In contrast to lithium, a metal that EV markets would like to eliminate is cobalt. Cobalt functions to stabilize battery performance. Ironically however, ESG risks surrounding its sourcing, extraction and production threaten to destabilize EV supply chains. Most of the world’s cobalt is sourced from the Democratic Republic of Congo, a politically unstable country, with chronic governance issues and a history of human rights abuses. Moreover, cobalt mining is dangerous to human health and environmentally polluting, further increasing the social and environmental costs associated with its production. Reducing reliance on cobalt is also helping drive research to find raw materials that stabilize battery performance without the associated ESG and supply chain risks.
Present focus of much battery-related research is on eliminating cobalt from EV supply chains.
Li – at the low and high end of battery technology
Cheaper production and lower material risks largely explain why less technologically sophisticated batteries are experiencing a significant surge. Lithium iron phosphate (LFP) batteries are on the rise in China and favored by the likes of Tesla, which recently announced their use in standard-range models. LFPs are heavier and have a lower energy density, resulting in shorter driving ranges. However, they are cheaper, safer and have a long shelf life. In addition, given LFPs contain less lithium and zero cobalt, they have less exposure to ESG and supply chain risks.
Solid-state batteries are considered the next-generation of cutting-edge battery technology that promise to provide more energy power, better safety, increase durability and longer life compared to current battery technologies that are liquid-based. But even here, lithium is making its mark, dramatically enhancing solid-state battery performance with no additional weight or loss of space. Positive performance results are driving partnerships between car and Li-ion battery manufacturers to further develop solid-state technologies for the coming decades
Demand and supply lower risk of commoditization
Lithium demand is expected to rapidly accelerate to over 2 million tons, creating significant structural shifts through 2030 and beyond. EV batteries account for 30% of annual lithium demand and within ten years will exceed 80%. Demand increases should also drive investments to increase supplies, leading many to suggest the commoditization of lithium and falling prices as more supplies become available.

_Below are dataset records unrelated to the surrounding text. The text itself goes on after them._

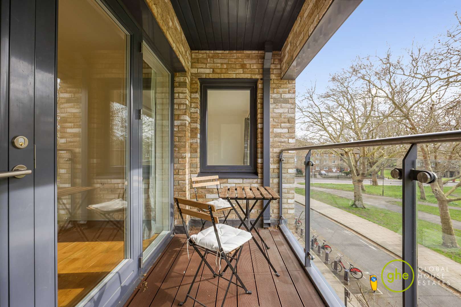 The lounge opens onto a private covered balcony, offering a peaceful outdoor space with pleasant views towards Well Street Common. The stylish kitchen is fitted with integrated appliances.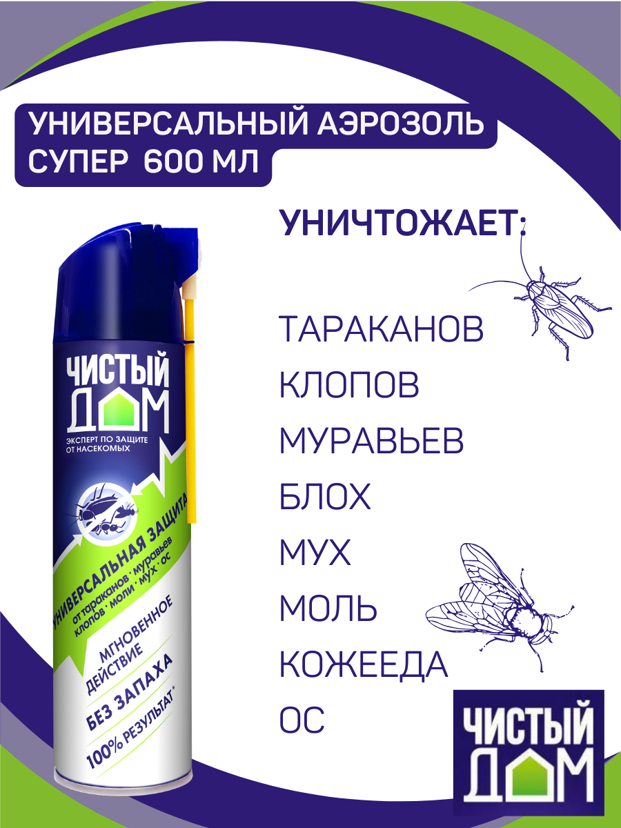 Аэрозоль от тараканов, муравьев, клопов, моли, мух, ос, 600 мл, 1 штука интересное: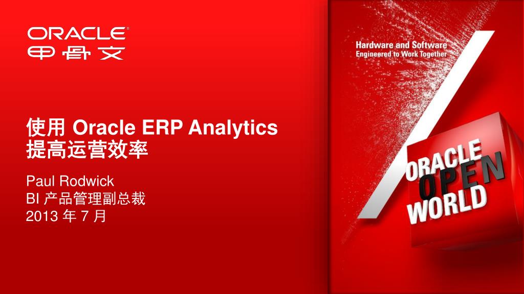 免责声明. 以下内容旨在概述产品的总体发展方向。该内容仅供参考, 不可纳入任何合同。该 内容不 构成提供任何材料、代码或功能的承诺,并且不应该作为制定购买决策的依据。 所描述的有关 Oracle 产品的任何特性或功能的开发、发行 和 时间 规划只能由 Oracle 决定。. 使用 Oracle ERP Analytics 提高 运营效率. Paul Rodwick BI 产品 管理副总裁 2013 年 7 月. Oracle BI 管理软件简介 BI 管理软件 是 什么? 最新 版本 BI 管理 软件 是通向融合管理软件的基石 客户成功案例 路线图和未来投资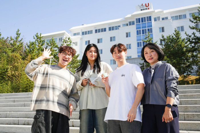 ▲ 왼쪽부터 패션브랜드 '마사초이' 론칭을 준비 중인 와이즈유 영산대학교 패션디자인학과 박우진, 최혜경, 류은우 학생, 김지형 교수. © 김중건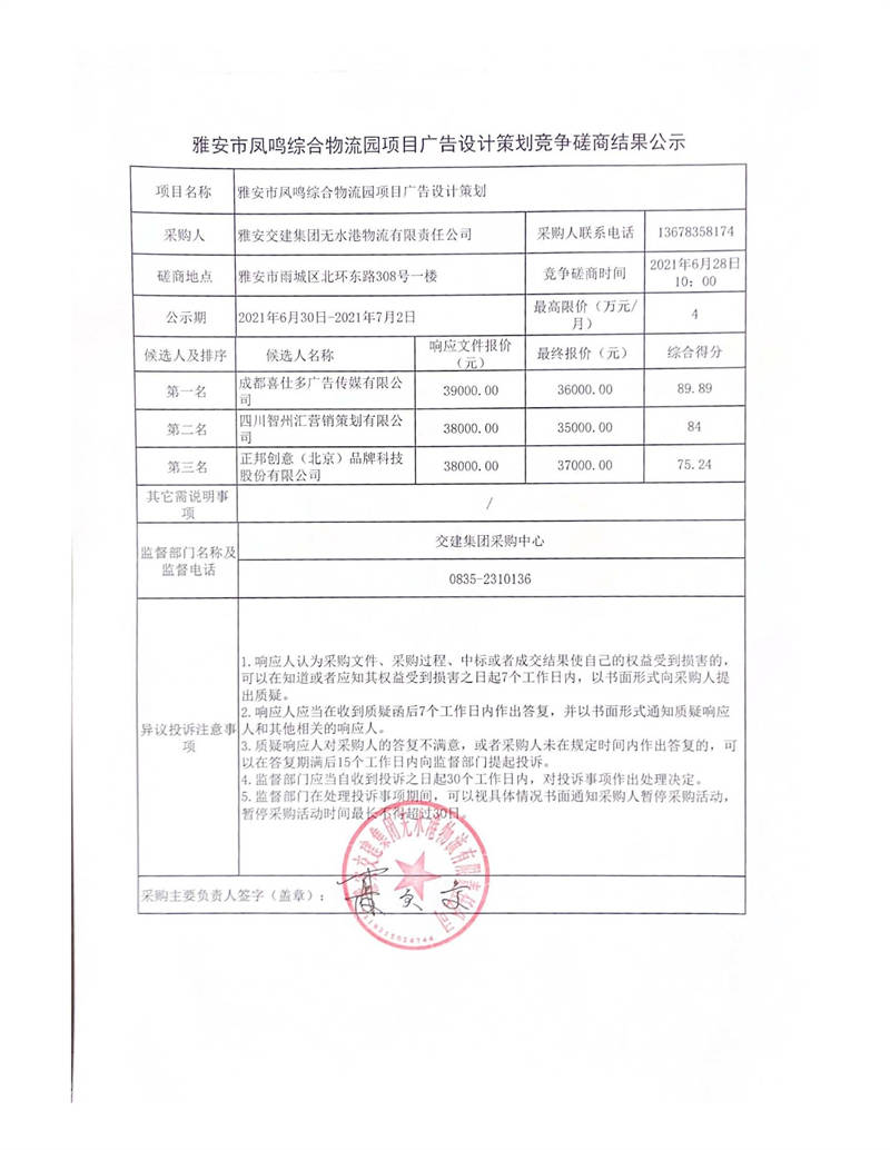 雅安交建集團無水港物流有限責任公司雅安市鳳鳴綜合物流園項目廣告設計策劃競爭磋商結果公示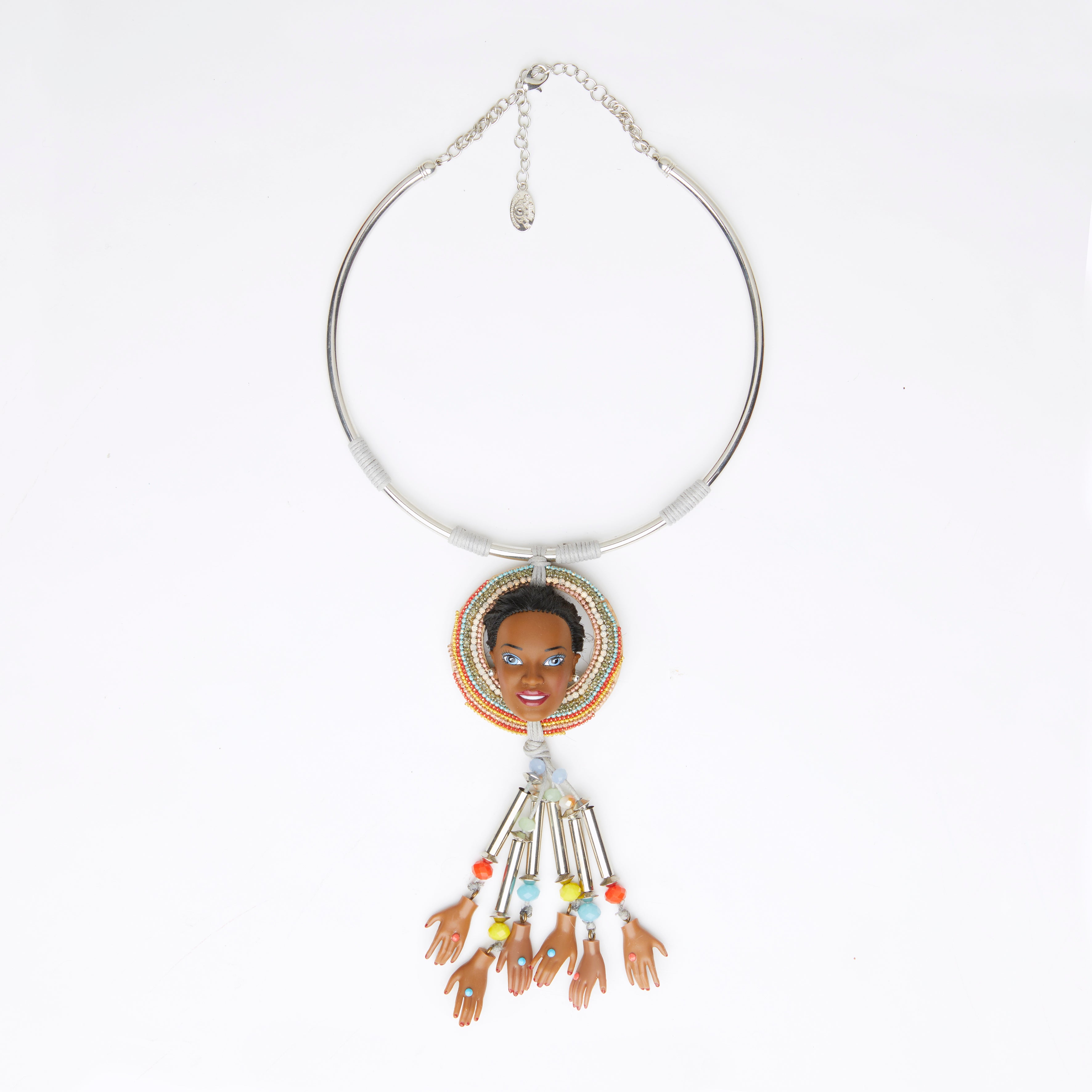 black doll face necklace with hands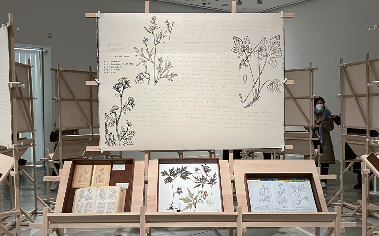 Çѹݵµ ½Ä»ý Á¶»ç °úÁ¤¿¡¼ äÁýÇÑ ½Ä¹°°ú ¿¬±¸ÀڷḦ º¸Á¸¹°°ú µå·ÎÀ×À¸·Î °¡°øÇÑ ¼³Ä¡¹Ì¼ú ÀÛǰÀº ÀÌ·¯ÇÑ Çü½ÄÀû ÆÇ´ÜÀÇ ÃÑü´Ù. ¡®½Ä¹° º¸Á¸¹°¡¯Àº ÀÙ°ú ²É, ¾¾ µî ½Ä¹°ÀÇ ±¸¼º ¿ä¼ÒµéÀ» °¢°¢ º¸Á¸Ã³¸®ÇØ Ç¥º»´ëÁö À§¿¡¼ ÄݶóÁÖÇÑ °ÍÀ¸·Î ÀÚ¿¬»óÅÂÀÇ ½Ä¹°ÀÌ ¾Æ´Ñ, ¿¬±¸ °úÁ¤¿¡¼ ¼±ÅÃµÈ Æ¯Á¤ ¼ø°£(»óÅÂ)µéÀ» ÇϳªÀÇ È¸é À§¿¡¼ ¾Æ¸§´ä°Ô º¸À̵µ·Ï À籸¼ºÇÑ ÀÛ¾÷ÀÌ´Ù. ¸¶Âù°¡Áö·Î ¡®¿¡ÇÇ¼Òµå µå·ÎÀס¯ ¶ÇÇÑ ½Ä¹°À» äÁý, Á¶»ç, °¡°øÇÏ´Â °úÁ¤¿¡¼ ¶°¿À¸¥ ÀÛ°¡ÀÇ ½É»óÀ» ±Û°ú µå·ÎÀ×À¸·Î Ç¥ÇöÇÑ ÀÛ¾÷ÀÌ´Ù. À̴ ǥº»À̶ó´Â Çü½Ä ÀÚü°¡ Áö´Ñ µµ»ó¼º°ú °ü·ÃµÇ´Âµ¥ Ç¥º»Àº °´°üÀû »ç½Ç·Î º¸ÀÌÁö¸¸ ½ÇÁ¦·Î´Â ¼±Åá¤Á¦°Å¡¤¹è¿ °úÁ¤¿¡¼ Á¦ÀÛÀÚÀÇ Á¤¼¿Í ÁÖ°üÀÌ ¹Ý¿µµÈ °á°ú¹°·Î, Áö½ÄÀ» »ý»êÇÏ´Â µµ±¸ÀÎ µ¿½Ã¿¡ ½Ã°¢Àû¡¤Çü½ÄÀû ±¸¼ºÀ» ¿ä±¸ÇÑ´Ù. ÀÌ·¯ÇÑ °üÁ¡¿¡¼, ÀÌ ¼³Ä¡ ÀÛ¾÷Àº ÀÛ°¡ÀÇ ¿¬±¸·ÎºÎÅÍ µµÃâµÈ ºÐ·ùÀÇ ¹æ½Ä°ú ¼±ÅÃÀÇ ±âÁØ¿¡ µû¶ó Ç¥º»À» Àç¹è¿ÇÏ´Â Çü½ÄÀû ÆÇ´ÜÀ» ÅëÇØ ¿¬±¸°¡ µµ´ÞÇÑ »óŸ¦ ¿¹¼úÀÇ Çü½ÄÀ¸·Î ³²±ä °ÍÀ̶ó ÇØ¼®ÇÒ ¼ö ÀÖ´Ù.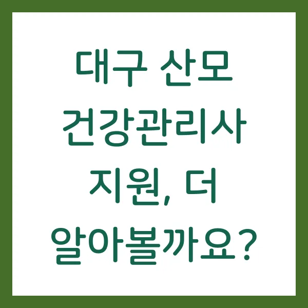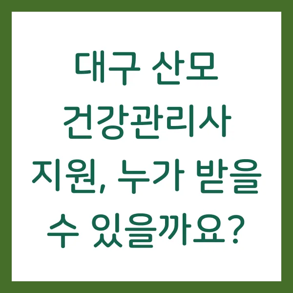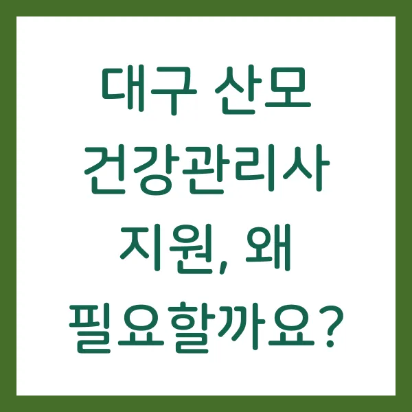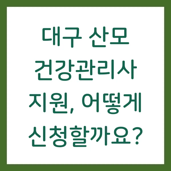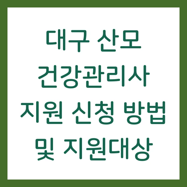 대구시의 산모 건강관리사 지원 사업은 출산 가정의 경제적 부담을 완화하고 산모의 건강한 회복을 돕는 중요한 정책입니다. 지원 대상과 신청 방법을 꼼꼼히 확인하여 혜택을 놓치지 말고, 건강하고 행복한 산후조리 기간을 보내시길 바랍니다.
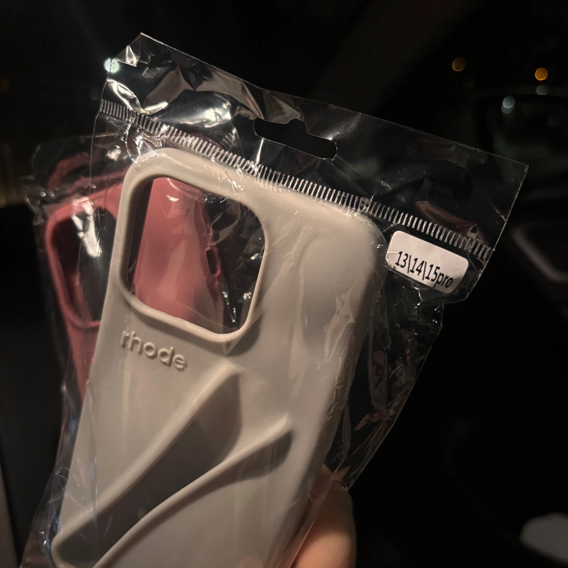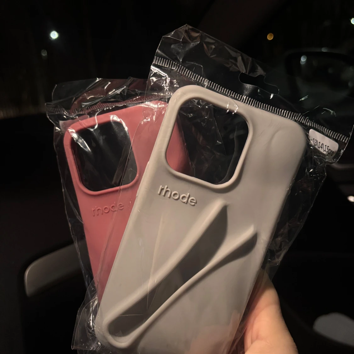 Snygga mobilskal från Rhode i grå färg. Skalen har en unik design med en skulpterad yta och är anpassade för iPhone 13/14/15 Pro. Ej äkta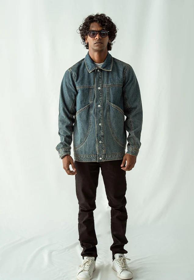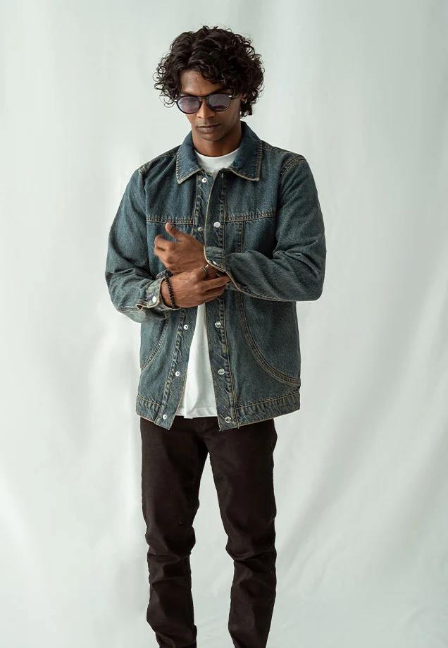 แจ็กเก็ตยีนส์สำหรับผู้ชายแจ็กเก็ตยีนส์สีพื้นลำลองแฟชั่นสไตล์สตรีทแวร์ทันสมัย

However, although lithium resources in the Earth’s crust may be abundant, they are buried within other mineral ores making them difficult to mine. Extraction and refinement come at great complexity and cost. Future investments to secure upstream supplies will only be undertaken if prices justify the expense. Moreover, extreme variations in quality grades to meet industry specifications should further mitigate the risk of commoditization and price declines.
Despite initial skepticism, the electrification of the transportation sector is firmly fixed and steadily accelerating as EVs continue their disruption of the automotive industry.
Strong demand, limited supplies, superior performance and increasing visibility as a critical element in transportation’s transition to a low-carbon economy mean companies across the lithium value chain are ideally positioned to benefit from future trends in mobility electrification.